August 6, 2010

Book Review: Endless Universe: Beyond the Big Bang

Image: Michael J. Windsor,
Stewart Dickson, Doubleday
Challenging something so well established like the Big Bang Theory is no easy task. But Paul Steinhardt and Neil Turok have done exactly that, presenting a contender, called the Cyclic Theory, in their book Endless Universe: Beyond the Big Bang. The theory claims that there has been a violent event that took place 14 billion years ago, like the Big Bang model, but it was not the beginning of the universe. Instead, this event was just one of many like it that take place regularly. In the evolution of the universe, Steinhardt and Turok say, there has been, and there will be a “Big Bang” about every trillion years.
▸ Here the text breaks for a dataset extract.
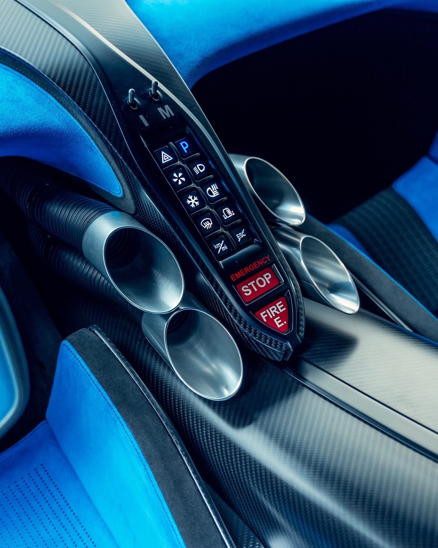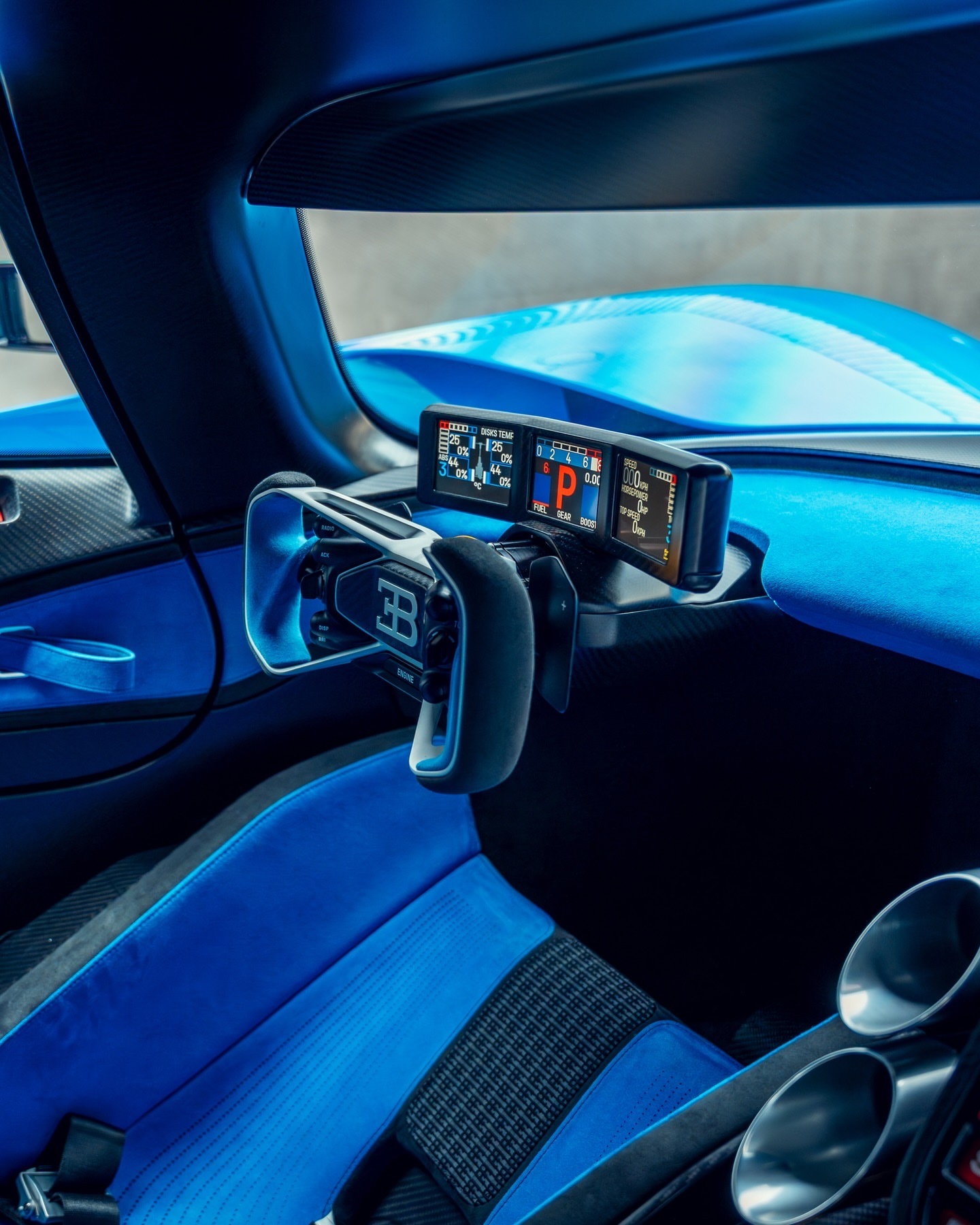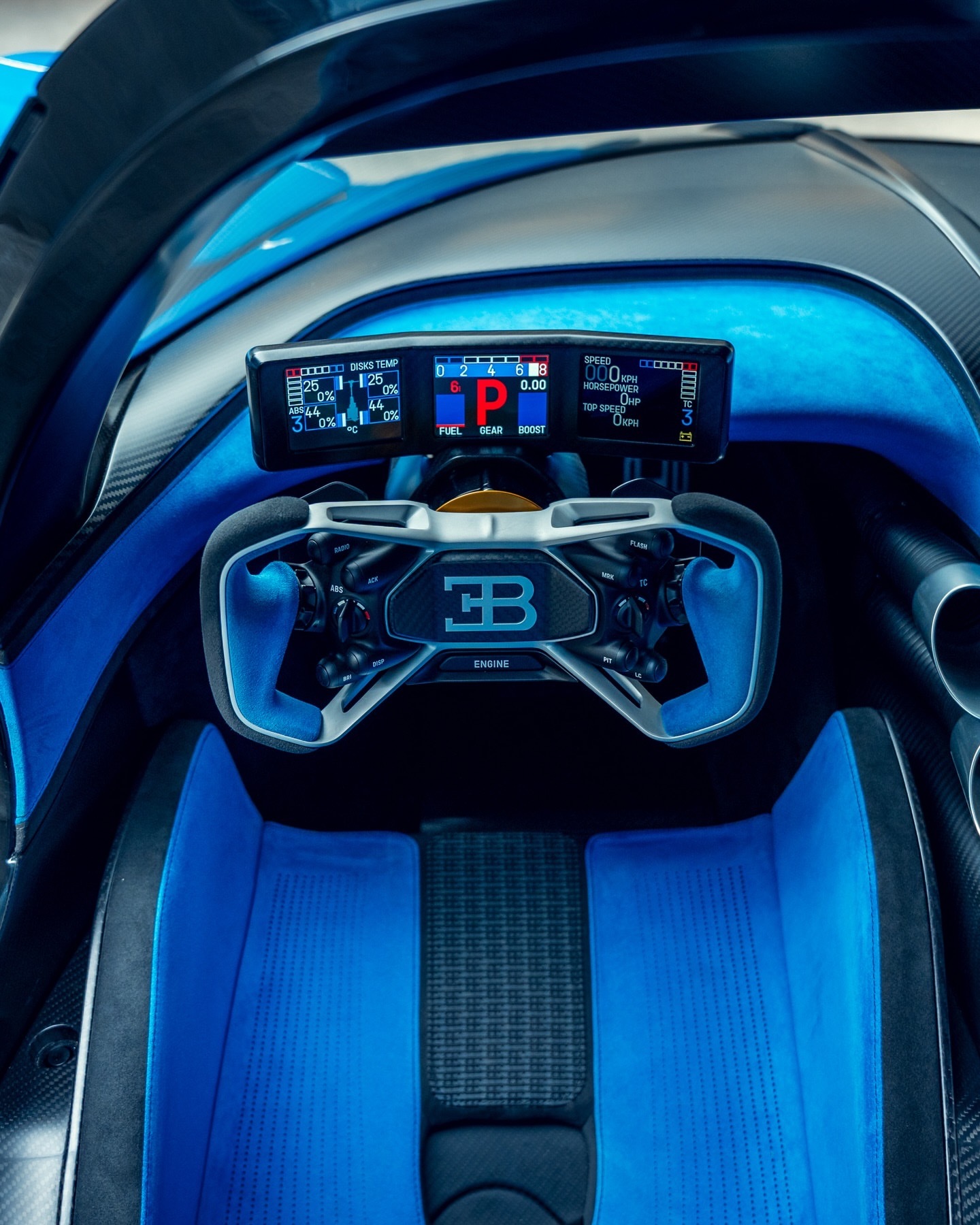 这台特定车型是40台中最非凡的之一。选配了价值291,000欧元的工厂配置,其外观采用了布加迪标志性的双色分割——敏捷蓝调碳纤维和夜曲漆面,并以法国国旗图案和夜曲轮毂点缀。内饰方面,法国赛车蓝和Beluga黑色Alcantara面料覆盖了每一处表面,搭配抛光铝饰条和花岗岩色内部签名线,共同构成了一个完全为追求速度而从头打造的驾驶舱。里程表读数仅为359公里。

According to the theory, we live in just one of these cycles defined by the violent events.

One of the biggest reasons why this new theory is particularly appealing is a result of the nature of its competition. The Big Bang Theory has been heavily modified over its long history in order to match what we see in the universe. What started as something simple and appealing has grown into somewhat of a monstrous patchwork. Plus, the Big Bang Theory leaves unexplained how the violent event could be the beginning of the universe. The Cyclic Theory, in comparison, is much simpler and, as the two physicists repeatedly claim, fits current observations just as well as the Big Bang Theory.
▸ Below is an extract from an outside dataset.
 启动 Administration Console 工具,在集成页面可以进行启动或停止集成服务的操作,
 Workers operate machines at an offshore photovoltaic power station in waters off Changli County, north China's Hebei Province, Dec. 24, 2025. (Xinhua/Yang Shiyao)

This is why I found Endless Universe so interesting. The theory is very unique and refreshing, and the evidence that it uses to support its claims seem very sound. Although the book involves a few confusing topics that are foreign to most people, like the concept of branes, the authors explain these very well in a manner most common people can easily understand. The authors also include their personal stories in developing their model, explaining their motivations for a new revolutionary theory, which lend further to the support of the Cyclic Theory.

After finishing the book, I cannot say for sure if the Cyclic Theory is correct. In fact, the true answer can only come as more observations are performed, in areas like the study of gravitational waves. Either or both of the Big Bang and Cyclic Theories can be easily eliminated in a quick sweep with just one decisive new finding.

Still, there is great value in reading the book since it exemplifies the true nature of science, the continual quest to find a simple and true way to explain nature. It is an integral part of one of the most interesting times in cosmology, when we are presented with several plausible competing theories which all have great implications about the nature of the universe.